Когда зефирки начали потрескивать над огнем, покрываясь нежной золотистой корочкой и источая запах карамели, Амти сказала:
- Мне кажется, это разумно. Ну, что у тебя все работает именно так. Ты ведь правда не можешь воскрешать каждого. Мы бы просто не выжили, если бы вернулись все наши мертвые. Все кому больно, все кто не может смириться. Знаешь сколько их? По какому бы принципу на самом деле не работала твоя сила, она не просто так ставит тебе ограничения.
Амти протянула Яуди зефирки. Она некоторое время ждала, пока лакомство остынет, а потом принялась мягко потрошить его пальцами, отдирая куски. Облизнув кончики пальцев, Яуди абсолютно спокойно сказала:
- Думаю, я боюсь любить людей. Потому им больно, а я владею чем-то, что может им помочь. Но не могу им этого доверить.

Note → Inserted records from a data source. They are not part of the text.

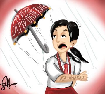 Nakasaad sa bagong alituntuning inilunsad ng Department of Education (DepEd), kindergarten na lamang ang suspendido ang klase na dati’y hanggang senior highschool pa sa oras na nakataas na sa tropical cyclone wind signal (TCWS) no. 1 ang lugar. Ngayon upang pamsamantalang makansela ang klase ay kinakailangang nasa TCWS no. 2 para masama ang junior highschool at TCWS signal no. 3 pataas naman para makansela lahat ng lebel. Bilang isang mag-aaral, hindi ako tumututol sa kaisipang hatid ng alituntuning ito. Bawat estudyante ay may sapat na kakayahang pumasok lalo na kung hindi naman maperwisyo ang ulan na dala ng bagyo. Mainam na kontrolin natin ang ating mga sarili at iwasan maging isang malaking pabigat at magmatigas na maging tamad. Bukod sa TWCS, mayroon ding kakayahan ang lokal na pamahalaan na magdesisyon kung hanggang anong lebel ng klase ang suspendido base sa rainfall signal na ibibigay ng Philippine Atmospheric Geophysical ang Astronomical Services Administration (PAGASA).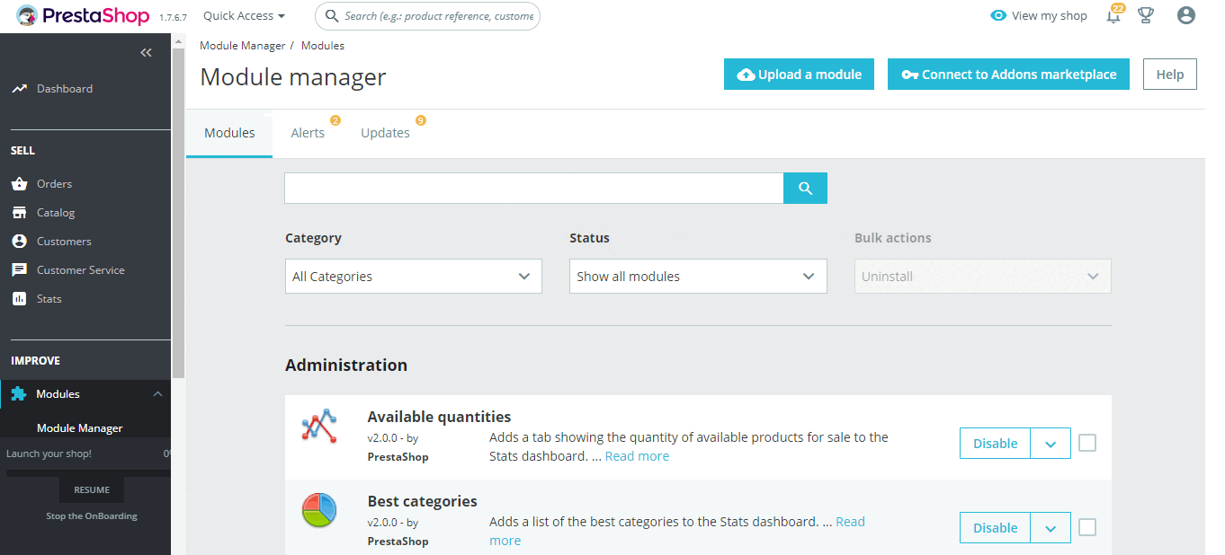 - Log in to your PrestaShop Admin Dashboard and click Modules on the left side menu.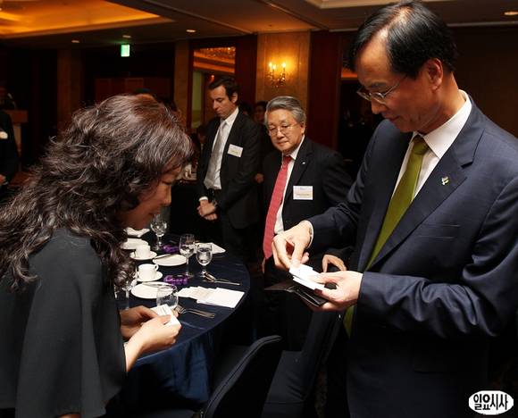 노대래 공정거래위원장(오른쪽)이 7일 오전 서울 소공동 롯데호텔에서 주한 유럽상공회의소(ECCK) 주최로 열린 오찬간담회에서 참석자들과 인사를 나누고 있다.

И прежде, чем Амти успела что-либо сказать, Яуди быстро добавила:
- А что насчет тебя? Расскажи теперь ты что-нибудь. Эффект попутчика и все дела. Мы же здесь ради разговоров и зефирок.
- Уж точно не ради того, чтобы понаблюдать за сросшимися друг с другом монстрами, - засмеялась Амти. И замерла, не зная, о чем рассказать. Было столько всего, что она не могла понять, что пугало ее и заставляло грустить. Мир пугал ее.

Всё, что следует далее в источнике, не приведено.